É claro que a lei já antiga já previa o amor ao próximo: “amarás o teu próximo como a ti mesmo” (Lv 19,18). Na tradição sinótica, houve uma adaptação do primeiro mandamento do decálogo com esse do Levítico: “amarás o Senhor, teu Deus, de todo o teu coração, com toda a tua alma, com todas as tuas forças, e ao teu próximo como a ti mesmo” (Mt 22,37-38; Mc 12,33; Lc 10,27). Diante disso, a novidade apresentada por João se torna ainda mais evidente, pois Jesus não reivindica nada para si e nem para Deus, o Pai; pede apenas amor recíproco entre os membros da comunidade: “amai-vos uns aos outros”; nesse amor recíproco entre os discípulos, obviamente, estará o amor a Deus, pois é Ele a fonte do amor e, consequentemente, a Jesus, o revelador do amor do Pai. De acordo com o Levítico e os Sinóticos, o critério do amor ao próximo é o amor a si próprio; Jesus muda também essa perspectiva: o critério do amor que deve ser vivenciado na comunidade é o seu; o parâmetro é o amor de Jesus: “como eu vos amei, assim também vós deveis amar-vos uns aos outros”; e o seu não é um amor qualquer, mas é aquele amor capaz de dar a vida pelo próximo. A medida do amor ao próximo, portanto, deve ser somente o amor de Jesus, cuja expressão visível é o serviço, como Ele tinha demonstrado lavando os pés dos discípulos e também recomendando: “Eu vos dei um exemplo para que também vós façais o mesmo” (Jo 13,15).

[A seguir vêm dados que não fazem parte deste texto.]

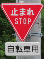 一方通行路(自転車を除く)の逆行側で行われている「一時停止」規制です。当然ながら、規制の対象は自転車しかないので、補助標識「自転車用」が併設されています。
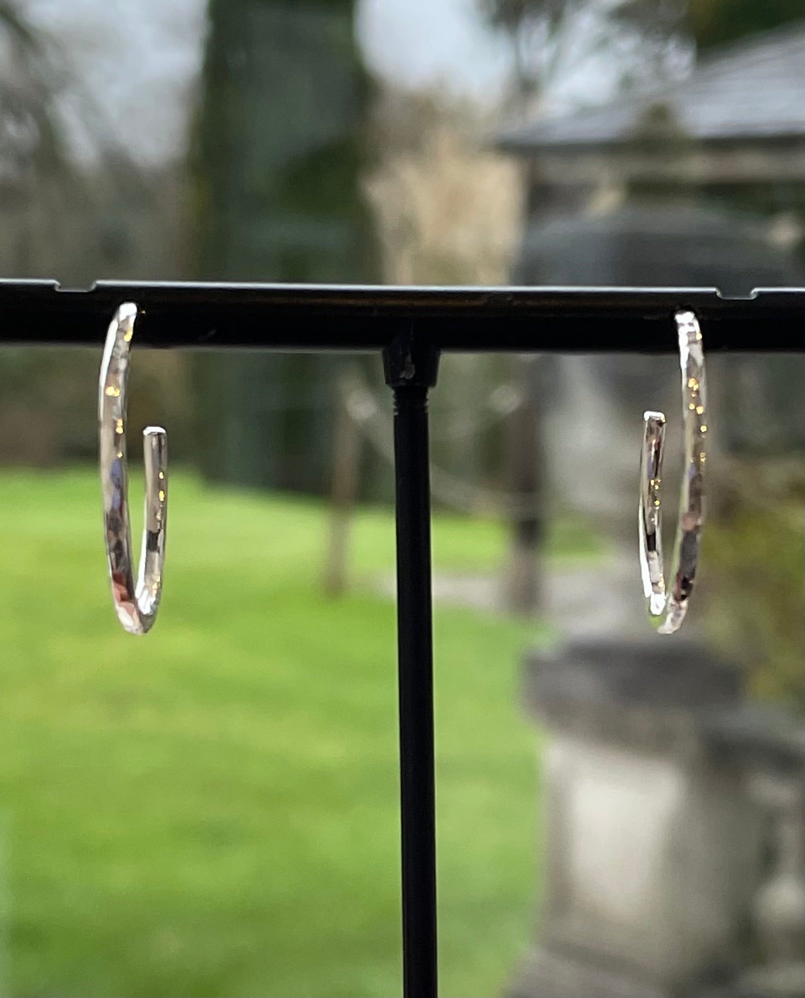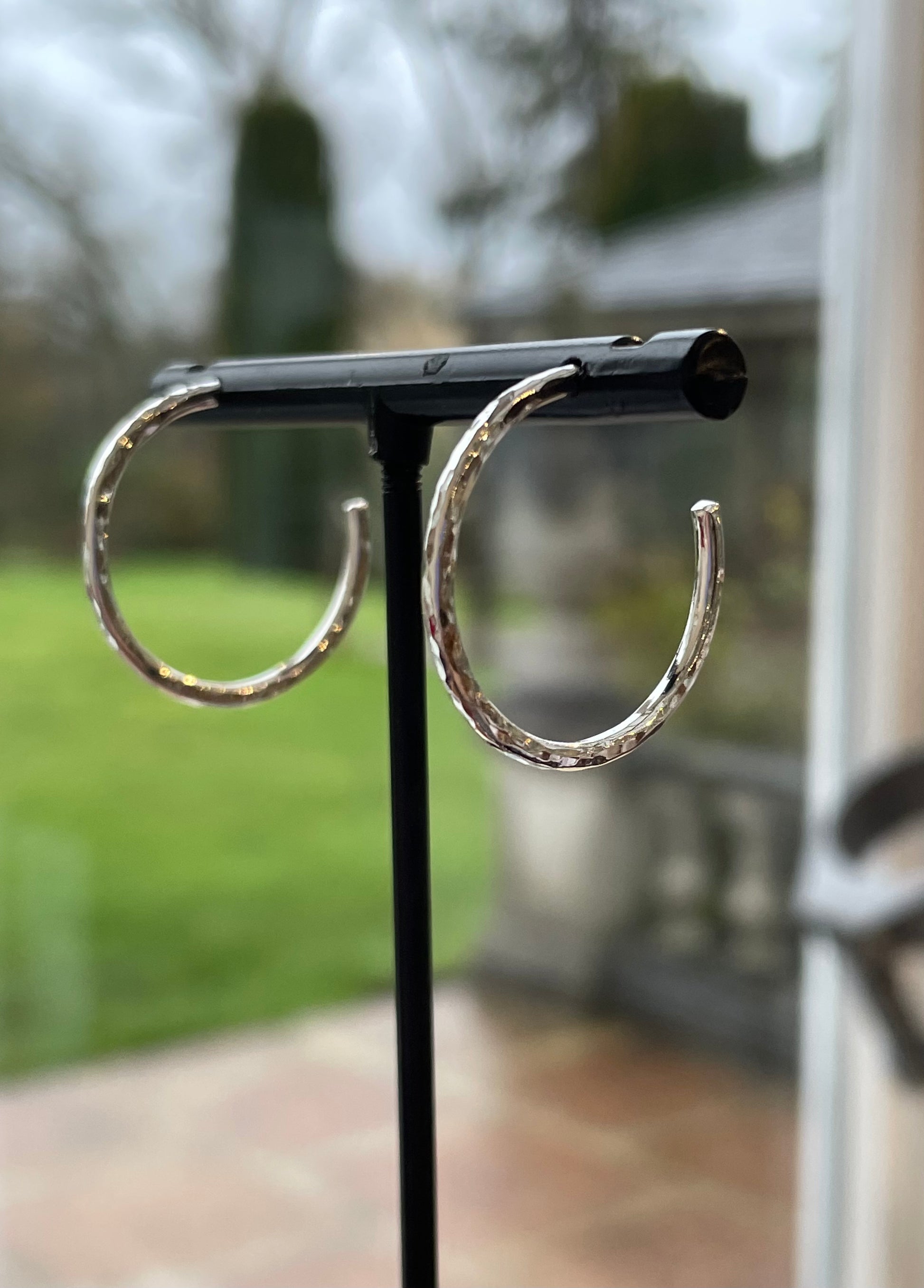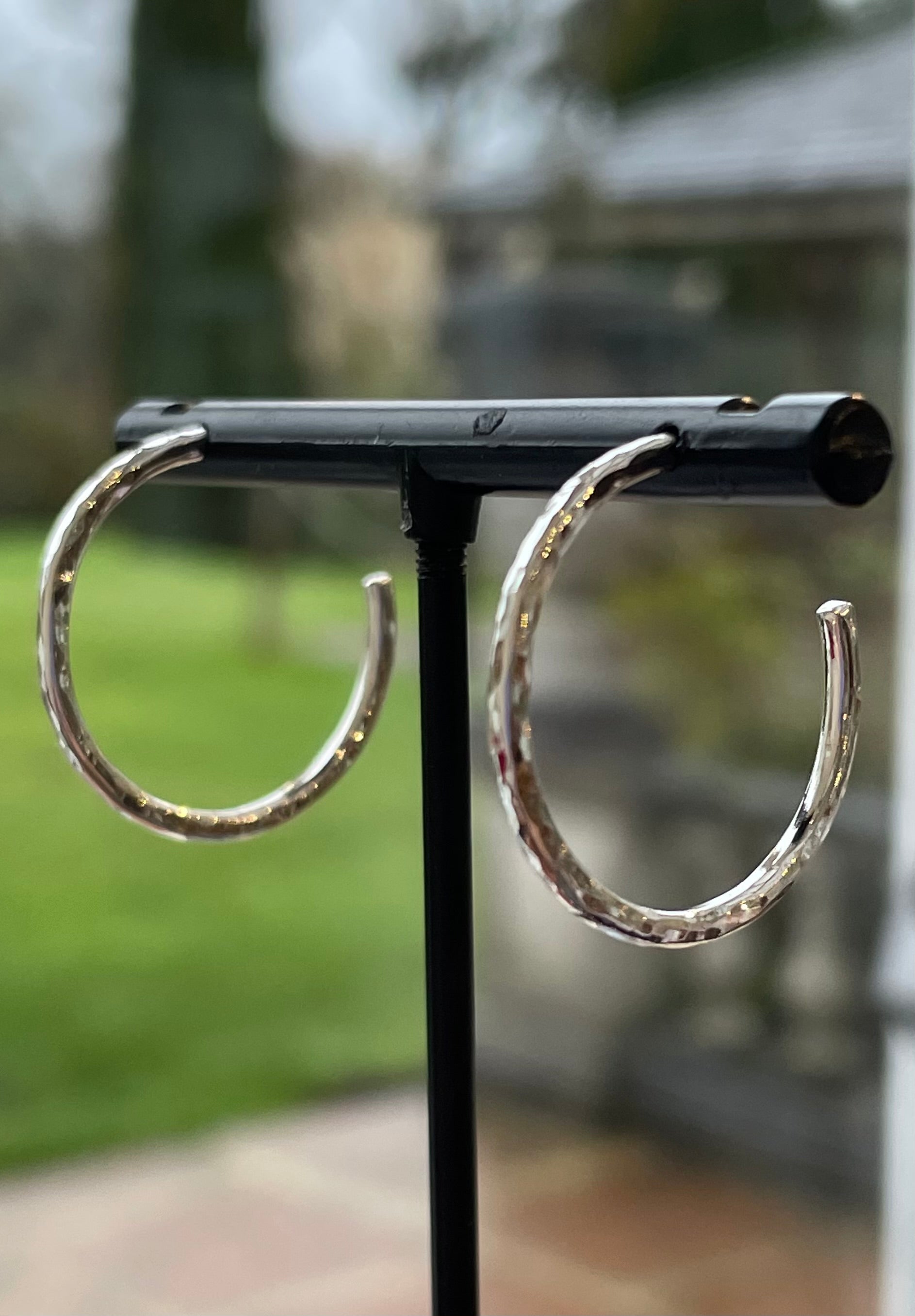 Handmade Sterling Silver Hammered Hoops with a stud fitting.

O mandamento dado por Jesus é tão novo, que a vivência dele se torna o único critério de pertença à sua comunidade: “Nisto todos conhecerão que sois meus discípulos, se tiverdes amor uns pelos outros” (v. 35). É a vivência recíproca desse amor que caracteriza uma comunidade como pertencente a Jesus, e que manifesta a presença do Ressuscitado nessa. Portanto, somente o amor é suficiente para alguém ser reconhecido como discípulo ou discípula de Jesus.